We are interested in posts that begin with either "Ask HN" or "Show HN". 
**"Ask HN"** simply means the poster is asking the community a certain question.
**"Show HN"** is a user wanting to enlighten the community to a new product, project or something interesting. 
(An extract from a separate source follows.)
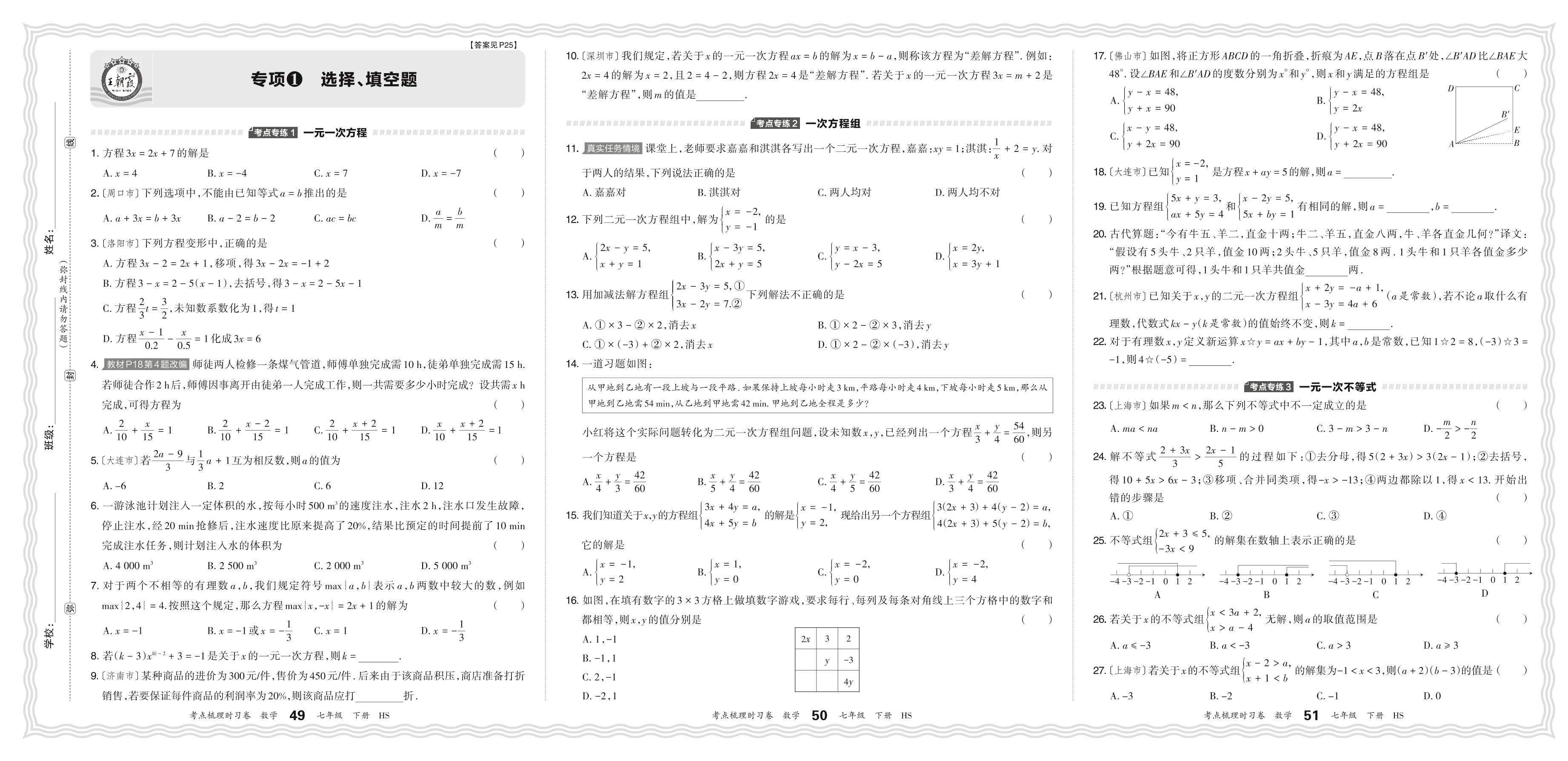 2024春下册七年级数学华师版 期末专项卷KD版·选择、填空题【1】

Our goal is to determine the answer to the following 2 questions:
- Do Ask HN or Show HN recieve more comments on average?
- Do posts created at a certain time receive more comments on average?

## Reading Files
First we begin by importing the files

In [1]:
import csv
file = open('hacker_news.csv')
hn = list(csv.reader(file))
hn[:5] #Gives a view on the first 5 rows

[['id', 'title', 'url', 'num_points', 'num_comments', 'author', 'created_at'],
 ['12224879',
  'Interactive Dynamic Video',
  'http://www.interactivedynamicvideo.com/',
  '386',
  '52',
  'ne0phyte',
  '8/4/2016 11:52'],
 ['10975351',
  'How to Use Open Source and Shut the Fuck Up at the Same Time',
  'http://hueniverse.com/2016/01/26/how-to-use-open-source-and-shut-the-fuck-up-at-the-same-time/',
  '39',
  '10',
  'josep2',
  '1/26/2016 19:30'],
 ['11964716',
  "Florida DJs May Face Felony for April Fools' Water Joke",
  'http://www.thewire.com/entertainment/2013/04/florida-djs-april-fools-water-joke/63798/',
  '2',
  '1',
  'vezycash',
  '6/23/2016 22:20'],
 ['11919867',
  'Technology ventures: From Idea to Enterprise',
  'https://www.amazon.com/Technology-Ventures-Enterprise-Thomas-Byers/dp/0073523429',
  '3',
  '1',
  'hswarna',
  '6/17/2016 0:01']]

## Removing Headers
We will want to separate the file, into two lists with one being the variables and the other the raw data. 

In [3]:
headers = hn[0]
hn = hn[1:]
print(headers)
print(hn[:5])

['id', 'title', 'url', 'num_points', 'num_comments', 'author', 'created_at']
[['12224879', 'Interactive Dynamic Video', 'http://www.interactivedynamicvideo.com/', '386', '52', 'ne0phyte', '8/4/2016 11:52'], ['10975351', 'How to Use Open Source and Shut the Fuck Up at the Same Time', 'http://hueniverse.com/2016/01/26/how-to-use-open-source-and-shut-the-fuck-up-at-the-same-time/', '39', '10', 'josep2', '1/26/2016 19:30'], ['11964716', "Florida DJs May Face Felony for April Fools' Water Joke", 'http://www.thewire.com/entertainment/2013/04/florida-djs-april-fools-water-joke/63798/', '2', '1', 'vezycash', '6/23/2016 22:20'], ['11919867', 'Technology ventures: From Idea to Enterprise', 'https://www.amazon.com/Technology-Ventures-Enterprise-Thomas-Byers/dp/0073523429', '3', '1', 'hswarna', '6/17/2016 0:01'], ['10301696', 'Note by Note: The Making of Steinway L1037 (2007)', 'http://www.nytimes.com/2007/11/07/movies/07stein.html?_r=0', '8', '2', 'walterbell', '9/30/2015 4:12']]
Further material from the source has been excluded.